* [WORK REQUEST]: If a picture appears, leave it out, and reproduce exactly the lines from the start of the listing below through the one bearing "Karácsonyi csillámos angyalok, ablakmatrica".
(GIVEN MATERIAL)
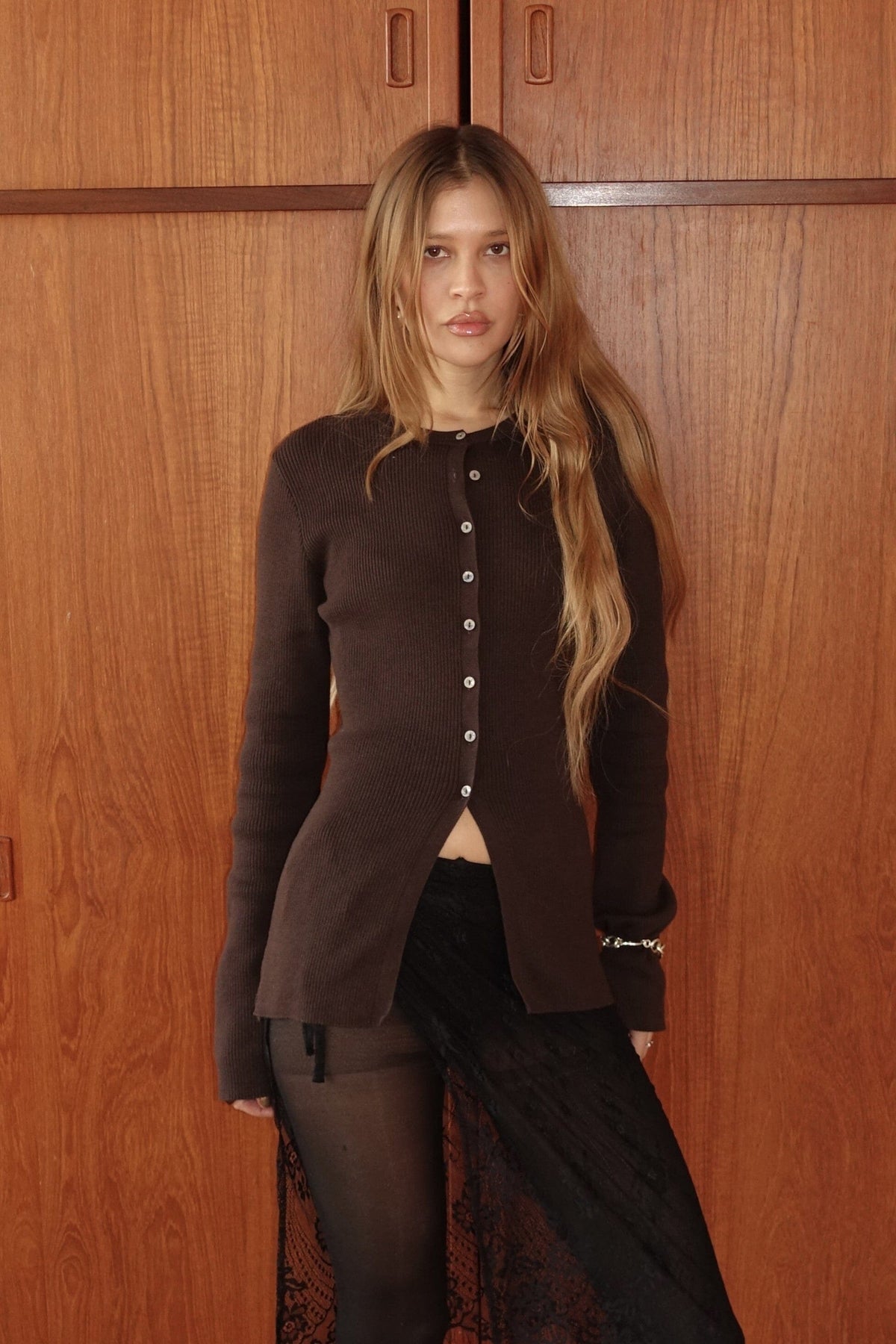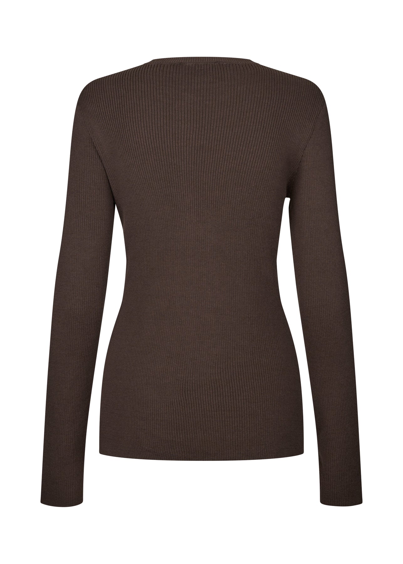 Brun kofta från Modström med ribbstickad textur och en figurnära passform. Koftan har långa ärmar och knäppning framtill.
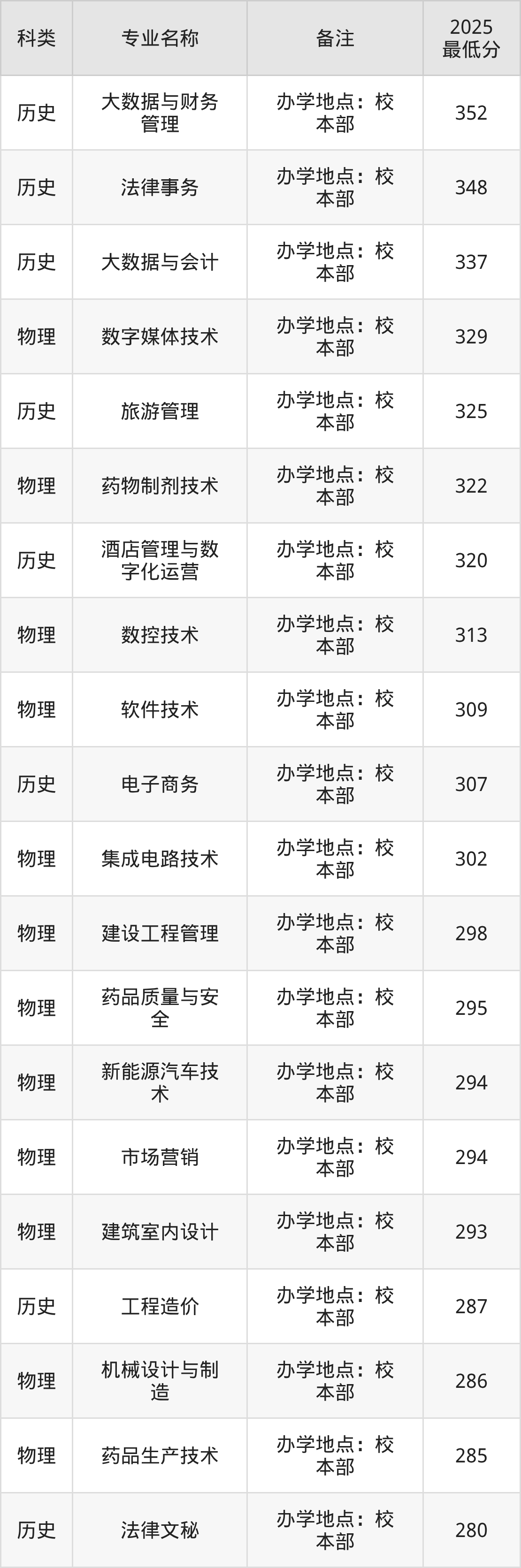 2、药物制剂技术(办学地点:校本部):专业最低322分
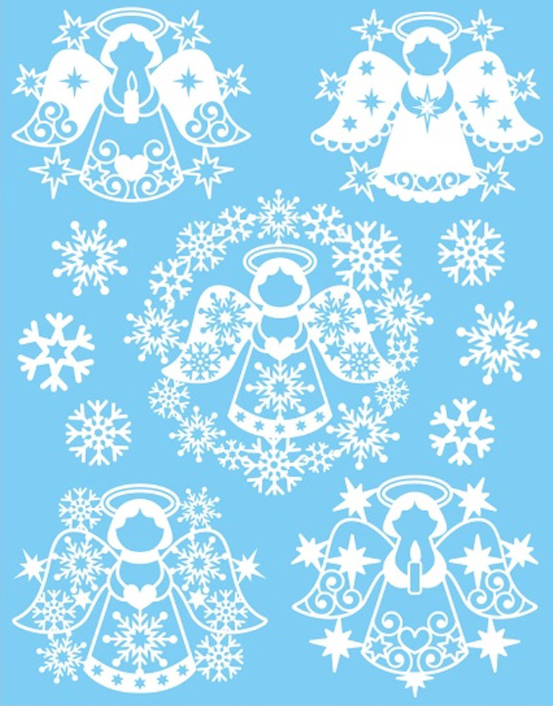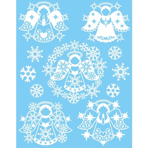 Karácsonyi csillámos angyalok, ablakmatrica ragasztó nélkül
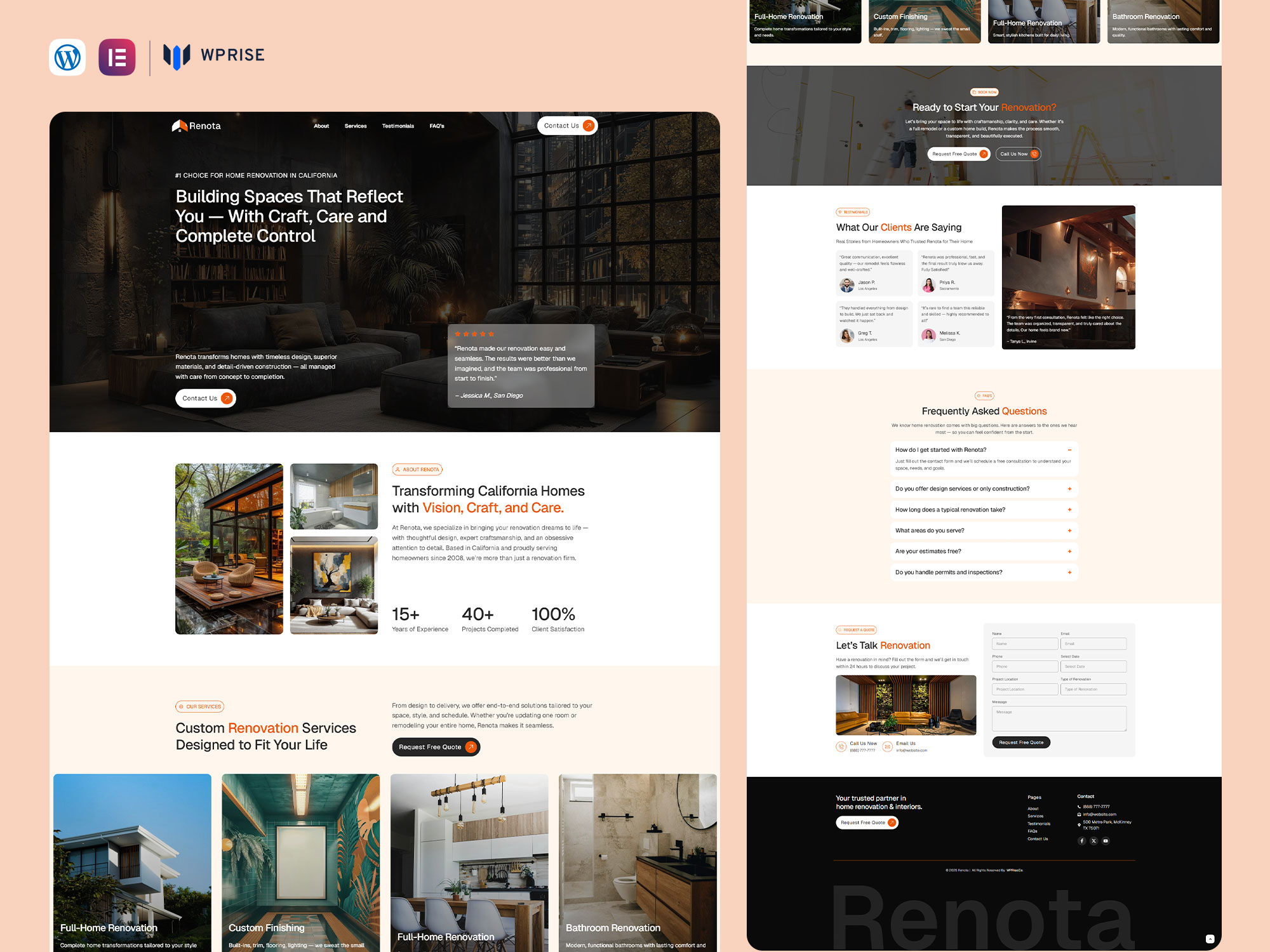 Renota is a clean home renovation landing page built with Elementor, designed to capture high-quality leads. It features clear sections, strong visuals, and a conversion-focused layout for renovation businesses.
(End GIVEN MATERIAL)
* [TASK OUTPUT]:
 Brun kofta från Modström med ribbstickad textur och en figurnära passform. Koftan har långa ärmar och knäppning framtill.
 2、药物制剂技术(办学地点:校本部):专业最低322分
 Karácsonyi csillámos angyalok, ablakmatrica ragasztó nélkül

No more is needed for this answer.